How to manipulate files inside Inetpub/wwwroot all day without being bugged by UAC
A lot has been written about UAC. Some choose to disable it. I chose not to and I'm doing just fine. At least, I don't have to type in my password on every prompt like on some other OS that likes to mock us on TV ;)
Anyway, the one place where UAC has been really annoying to me as a web developer is that any file manipulation in Inetpub requires validation by default (and that's legitimate, it's not a directory that you want rogue processes to be able to easily modify). I tend to be in that directory a lot.
So I was talking about that with Nikhil yesterday and we were wondering if running the Windows Explorer as administrator would fix the problem. At first, it looks like it doesn't, but Nikhil then mentioned that Explorer was probably not actually running as admin because all Explorer windows run under a single process by default. So I went to the folder options (press alt while in Explorer, choose tools/folder options) and activated "launch folder windows in a separate process" in the "view" tab.

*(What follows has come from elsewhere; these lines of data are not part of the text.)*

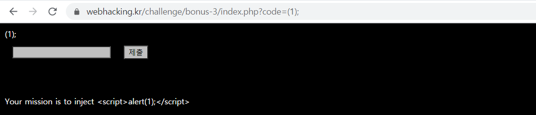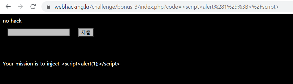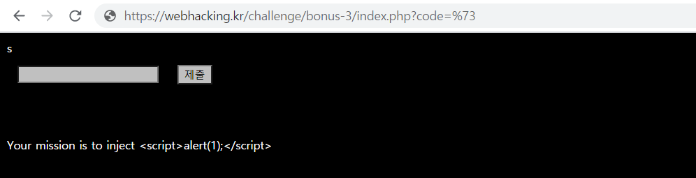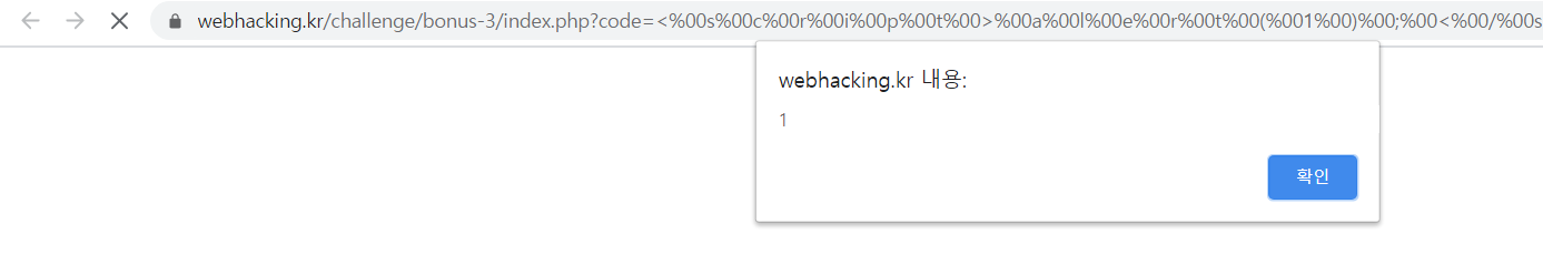 그래서 넣어보니 1이 출력이 되고 <script>alert(1);</script>을 주입할 수 있게 되었습니다!!
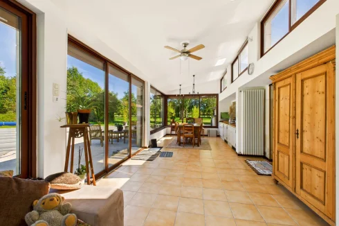 The ground floor of the house has a large lounge/dining area that leads through to a kitchen and on to a large sunroom that overlooks the in-ground pool.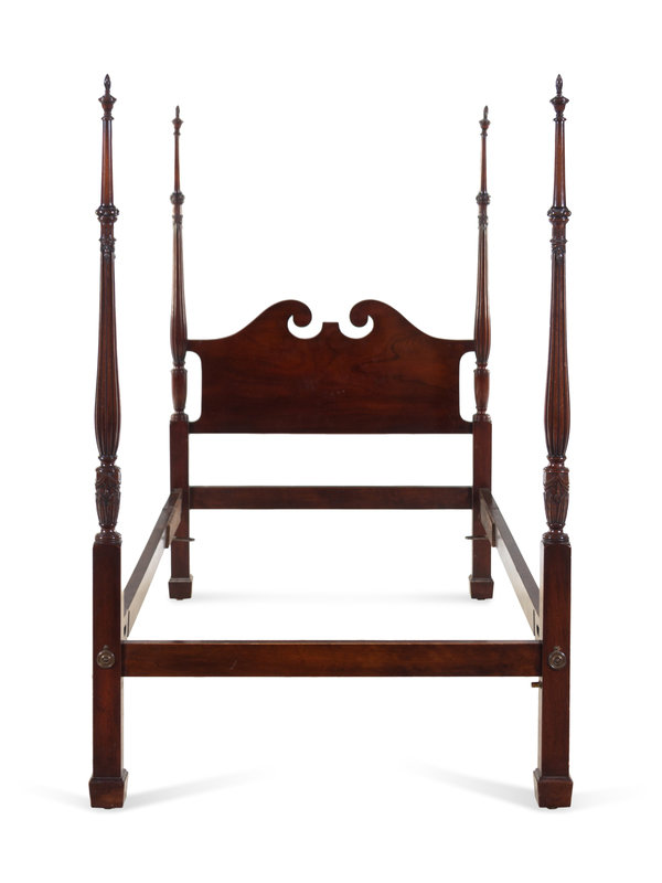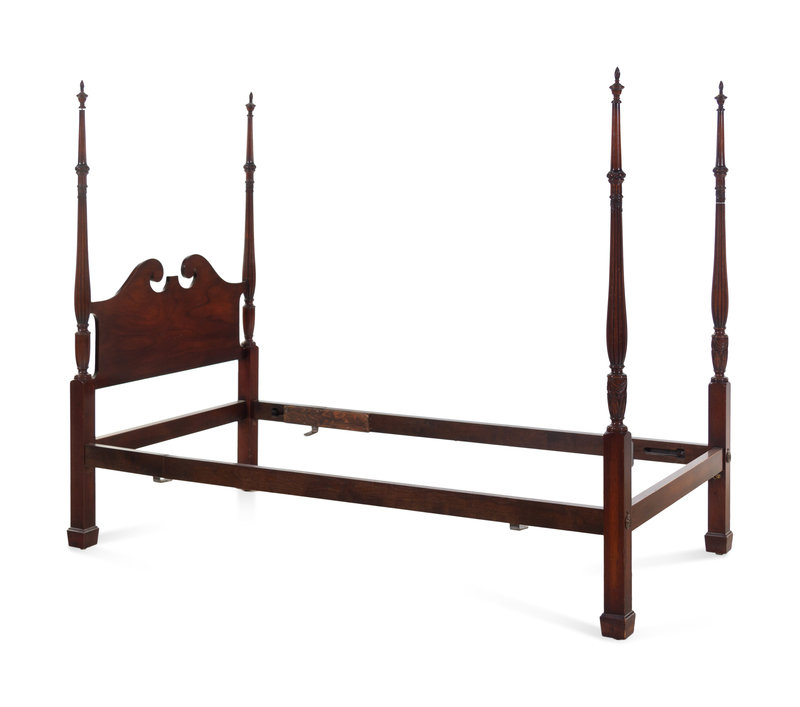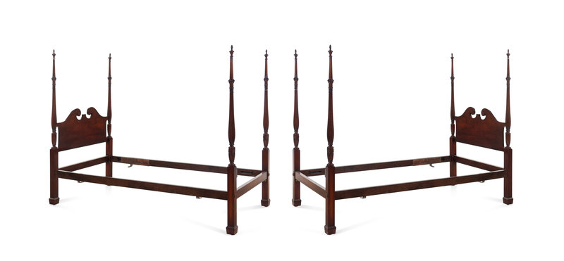 A Pair of Chippendale Style Carved Mahogany Four Post Tested Twin Beds

An Explorer launched as an administrator from this moment on will enable you to do all file manipulations without UAC prompts.
Hope this helps.
UPDATE: Dean suggested in the comments giving rights to your user acount on the directory. That works too, but it means that you're permanently disabling UAC on that directory for *all* applications that run under your identity. That may be fine depending on the value you attach to Inetpub contents. For example, don't do that on a production, public-facing machine (but the above method should probably not be used either in this situation). The method I expose above also exposes the system to shell extensions that you may have installed on the machine, so check those and only use trusted ones I suppose, or don't do this if unsure.